Sunan Gunung Jati pun akhirnya menikahi sang putri. Sayang, umur pernikahan tak lama. Ong Tien
meninggal pada usia yang masih sangat muda, 23 tahun. Salah satu karomah lainnya adalah
memindahkan Istana Kerajaan Hindu Pakuan ke alam gaib. Hal ini dilakukannya karena kerasnya
penolakan para Pendeta Sunda Wiwitan untuk tidak menerima Islam ataupun sekadar keluar dari
wilayah Istana Pakuan.

Cerita ini bermula saat saat jatuhnya Kerajaan Galuh Pakuan, ibu kota Kerajaan Sunda pada tahun
1568 karena diserang pasukan Demak yang dibimbing oleh Sunan Gunung Jati. Peristiwa ini setahun
sebelum Sunan Gunung Jati wafat dalam usia yang sangat sepuh hampir 120 pada tahun 1569.
Diriwayatkan dalam perundingan terakhir dengan para Pembesar Istana Galuh Pakuan, Syarif
Hidayatullah memberikan dua penawaran. Penawaran atau opsi pertama, para pembesar Istana
Pakuan yang bersedia masuk Islam akan dijaga kedudukan dan martabatnya seperti gelar pangeran,
putri atau panglima dan dipersilakan tetap tinggal di keraton masing-masing. Yang ke dua adalah bagi
yang tidak bersedia masuk Islam maka harus keluar dari keraton masing-masing dan keluar dari
ibukota Pakuan untuk diberikan tempat di pedalaman Banten wilayah Cibeo sekarang.

Dalam perundingan terakhir yang sangat menentukan dari riwayat Pakuan ini, sebagian besar para
pangeran dan putri-putri raja menerima penawaran pertama. Sedang pasukan kawal istana dan
panglimanya (sebanyak 40 orang) dari angkatan darat kerajaan Pakuan memilih penawaran kedua.
Mereka inilah cikal bakal penduduk Baduy Dalam sekarang yang terus menjaga anggota pemukiman
hanya sebanyak 40 keluarga karena keturunan dari 40 pengawal Istana Pakuan. Anggota yang tidak
terpilih harus pindah ke pemukiman Baduy Luar.

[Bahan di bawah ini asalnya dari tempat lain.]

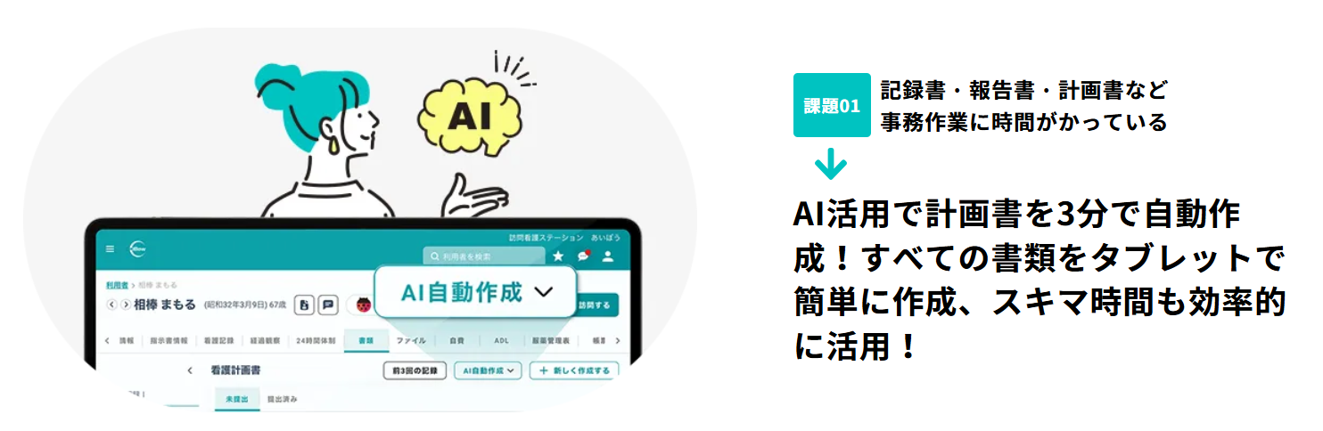 iBowは、訪問看護に関わる業務全体をカバーする電子カルテ。AIを活用して計画書作成を大幅に時短し、タブレット操作で記録を簡単に作成。請求業務も医療・介護保険の双方に対応しており、返戻や請求漏れを削減できる機能が備わっている。全ての書類が一元管理され、チームでの情報共有もスムーズに。

Sementara para Pendeta Sunda Wiwitan menolak penawaran pertama dan kedua. Dengan kata lain
mereka ingin tetap memeluk agama Sunda Wiwitan (aliran Hindu di wilayah Pakuan) tetapi tetap
bermukim di dalam wilayah Istana Pakuan. Sehingga dengan karomah yang dimilikinya Sunan Gunung
Jati lalu memindahkan Istana Galuh Pakuan ke alam Gaib sehingga para Pendeta Wiwitan tidak lagi
berada di Istana tersebut.

Demikianlah cerita pagi kali ini, semoga bermanfaat, kebenaran hanya milik Allah SWT.